[Task requirements]
Repeat precisely, and only, the lines between the line containing "新竹市大圓覺功德會十多年如一" and the end of the listing below, both ends included.

== Given data

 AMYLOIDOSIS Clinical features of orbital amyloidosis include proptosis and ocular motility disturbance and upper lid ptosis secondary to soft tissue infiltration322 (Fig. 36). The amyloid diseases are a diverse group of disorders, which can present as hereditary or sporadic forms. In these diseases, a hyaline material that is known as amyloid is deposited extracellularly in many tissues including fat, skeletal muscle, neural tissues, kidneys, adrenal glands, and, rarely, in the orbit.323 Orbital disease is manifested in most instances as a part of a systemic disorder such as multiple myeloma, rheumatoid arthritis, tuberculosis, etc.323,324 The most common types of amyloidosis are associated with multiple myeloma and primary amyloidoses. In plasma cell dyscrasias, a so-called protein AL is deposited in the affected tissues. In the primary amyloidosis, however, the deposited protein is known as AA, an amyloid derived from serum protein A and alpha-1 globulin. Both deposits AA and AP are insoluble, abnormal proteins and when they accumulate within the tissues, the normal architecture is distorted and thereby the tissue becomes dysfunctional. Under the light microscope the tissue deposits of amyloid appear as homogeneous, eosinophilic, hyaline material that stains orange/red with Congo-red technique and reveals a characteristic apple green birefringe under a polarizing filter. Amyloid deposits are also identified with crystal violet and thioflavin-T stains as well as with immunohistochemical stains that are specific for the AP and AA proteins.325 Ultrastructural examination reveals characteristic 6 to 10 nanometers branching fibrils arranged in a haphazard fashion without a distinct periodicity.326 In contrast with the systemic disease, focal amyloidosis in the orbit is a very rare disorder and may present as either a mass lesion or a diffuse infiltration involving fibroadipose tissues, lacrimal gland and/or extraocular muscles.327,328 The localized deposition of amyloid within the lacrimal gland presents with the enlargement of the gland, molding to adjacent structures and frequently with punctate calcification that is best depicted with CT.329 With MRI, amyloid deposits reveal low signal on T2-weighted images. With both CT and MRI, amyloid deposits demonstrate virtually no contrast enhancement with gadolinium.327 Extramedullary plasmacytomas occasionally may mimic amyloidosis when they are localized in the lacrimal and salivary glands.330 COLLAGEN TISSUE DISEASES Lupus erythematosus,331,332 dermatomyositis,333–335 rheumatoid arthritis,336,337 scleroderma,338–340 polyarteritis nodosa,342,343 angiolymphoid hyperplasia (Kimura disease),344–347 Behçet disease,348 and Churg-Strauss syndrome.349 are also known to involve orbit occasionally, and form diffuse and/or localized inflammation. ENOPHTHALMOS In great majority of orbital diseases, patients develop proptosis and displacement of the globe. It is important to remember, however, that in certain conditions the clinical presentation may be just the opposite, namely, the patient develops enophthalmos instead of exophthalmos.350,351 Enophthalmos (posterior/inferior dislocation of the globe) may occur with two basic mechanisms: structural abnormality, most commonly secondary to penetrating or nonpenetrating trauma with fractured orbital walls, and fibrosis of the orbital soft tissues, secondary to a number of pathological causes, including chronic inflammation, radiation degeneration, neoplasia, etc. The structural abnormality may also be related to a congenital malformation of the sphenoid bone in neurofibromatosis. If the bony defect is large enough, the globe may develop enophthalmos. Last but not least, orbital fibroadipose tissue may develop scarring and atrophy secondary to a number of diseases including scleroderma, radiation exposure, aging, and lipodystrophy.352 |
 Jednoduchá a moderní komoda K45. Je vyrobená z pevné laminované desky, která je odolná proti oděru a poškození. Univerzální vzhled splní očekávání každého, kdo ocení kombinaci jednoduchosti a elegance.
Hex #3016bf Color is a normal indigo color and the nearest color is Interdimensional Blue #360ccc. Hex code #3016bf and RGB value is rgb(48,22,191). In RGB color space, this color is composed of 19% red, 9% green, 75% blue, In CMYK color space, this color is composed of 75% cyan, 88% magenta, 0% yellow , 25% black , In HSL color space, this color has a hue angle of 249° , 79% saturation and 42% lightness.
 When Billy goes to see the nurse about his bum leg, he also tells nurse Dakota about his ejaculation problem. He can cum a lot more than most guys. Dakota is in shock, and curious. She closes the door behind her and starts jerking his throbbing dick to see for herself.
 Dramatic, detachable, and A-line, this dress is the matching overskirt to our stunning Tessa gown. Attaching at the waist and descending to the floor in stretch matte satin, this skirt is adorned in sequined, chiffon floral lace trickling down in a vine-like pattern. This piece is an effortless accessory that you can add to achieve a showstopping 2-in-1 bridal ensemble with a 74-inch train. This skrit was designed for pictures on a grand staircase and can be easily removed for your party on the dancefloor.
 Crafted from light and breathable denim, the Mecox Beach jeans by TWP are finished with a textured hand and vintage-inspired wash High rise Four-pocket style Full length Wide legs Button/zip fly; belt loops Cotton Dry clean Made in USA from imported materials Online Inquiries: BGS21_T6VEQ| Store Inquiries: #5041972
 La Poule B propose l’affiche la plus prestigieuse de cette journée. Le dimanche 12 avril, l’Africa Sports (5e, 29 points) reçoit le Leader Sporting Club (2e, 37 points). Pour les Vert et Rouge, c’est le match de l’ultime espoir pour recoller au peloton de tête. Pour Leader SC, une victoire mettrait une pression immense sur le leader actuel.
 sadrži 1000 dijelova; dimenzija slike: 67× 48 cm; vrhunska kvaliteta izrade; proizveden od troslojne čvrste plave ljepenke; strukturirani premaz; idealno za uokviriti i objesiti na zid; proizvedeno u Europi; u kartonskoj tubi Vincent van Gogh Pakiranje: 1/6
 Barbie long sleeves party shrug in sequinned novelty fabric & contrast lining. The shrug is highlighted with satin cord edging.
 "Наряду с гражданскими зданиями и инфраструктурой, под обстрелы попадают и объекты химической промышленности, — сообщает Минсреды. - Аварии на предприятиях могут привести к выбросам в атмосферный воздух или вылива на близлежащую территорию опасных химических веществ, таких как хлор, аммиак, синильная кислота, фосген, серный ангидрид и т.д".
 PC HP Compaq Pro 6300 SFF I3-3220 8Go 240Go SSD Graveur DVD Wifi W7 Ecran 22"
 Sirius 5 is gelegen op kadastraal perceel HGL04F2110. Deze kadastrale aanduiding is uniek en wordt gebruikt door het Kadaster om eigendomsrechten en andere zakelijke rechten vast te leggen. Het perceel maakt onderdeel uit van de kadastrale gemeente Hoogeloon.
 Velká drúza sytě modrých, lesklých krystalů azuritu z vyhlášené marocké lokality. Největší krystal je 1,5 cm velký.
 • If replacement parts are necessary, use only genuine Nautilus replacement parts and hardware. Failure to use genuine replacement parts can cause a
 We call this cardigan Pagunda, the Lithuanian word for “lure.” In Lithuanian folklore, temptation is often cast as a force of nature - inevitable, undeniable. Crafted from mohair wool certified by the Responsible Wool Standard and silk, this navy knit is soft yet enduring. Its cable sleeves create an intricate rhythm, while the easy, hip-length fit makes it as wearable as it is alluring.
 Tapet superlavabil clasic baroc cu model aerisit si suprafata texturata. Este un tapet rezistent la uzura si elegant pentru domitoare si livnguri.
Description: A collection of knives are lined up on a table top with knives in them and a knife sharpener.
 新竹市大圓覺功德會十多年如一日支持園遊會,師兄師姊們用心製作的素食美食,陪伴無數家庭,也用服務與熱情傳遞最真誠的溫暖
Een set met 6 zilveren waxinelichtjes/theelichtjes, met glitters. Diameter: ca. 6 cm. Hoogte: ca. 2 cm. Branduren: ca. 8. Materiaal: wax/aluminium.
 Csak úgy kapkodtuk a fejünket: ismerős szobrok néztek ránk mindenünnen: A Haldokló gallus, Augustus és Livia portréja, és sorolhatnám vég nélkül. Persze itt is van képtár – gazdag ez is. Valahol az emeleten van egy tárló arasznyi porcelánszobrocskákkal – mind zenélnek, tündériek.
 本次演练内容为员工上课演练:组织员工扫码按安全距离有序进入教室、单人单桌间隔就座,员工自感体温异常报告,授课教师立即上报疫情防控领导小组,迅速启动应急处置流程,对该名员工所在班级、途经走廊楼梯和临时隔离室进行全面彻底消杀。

====

[Solution below]
 新竹市大圓覺功德會十多年如一日支持園遊會,師兄師姊們用心製作的素食美食,陪伴無數家庭,也用服務與熱情傳遞最真誠的溫暖
Een set met 6 zilveren waxinelichtjes/theelichtjes, met glitters. Diameter: ca. 6 cm. Hoogte: ca. 2 cm. Branduren: ca. 8. Materiaal: wax/aluminium.
 Csak úgy kapkodtuk a fejünket: ismerős szobrok néztek ránk mindenünnen: A Haldokló gallus, Augustus és Livia portréja, és sorolhatnám vég nélkül. Persze itt is van képtár – gazdag ez is. Valahol az emeleten van egy tárló arasznyi porcelánszobrocskákkal – mind zenélnek, tündériek.
 本次演练内容为员工上课演练:组织员工扫码按安全距离有序进入教室、单人单桌间隔就座,员工自感体温异常报告,授课教师立即上报疫情防控领导小组,迅速启动应急处置流程,对该名员工所在班级、途经走廊楼梯和临时隔离室进行全面彻底消杀。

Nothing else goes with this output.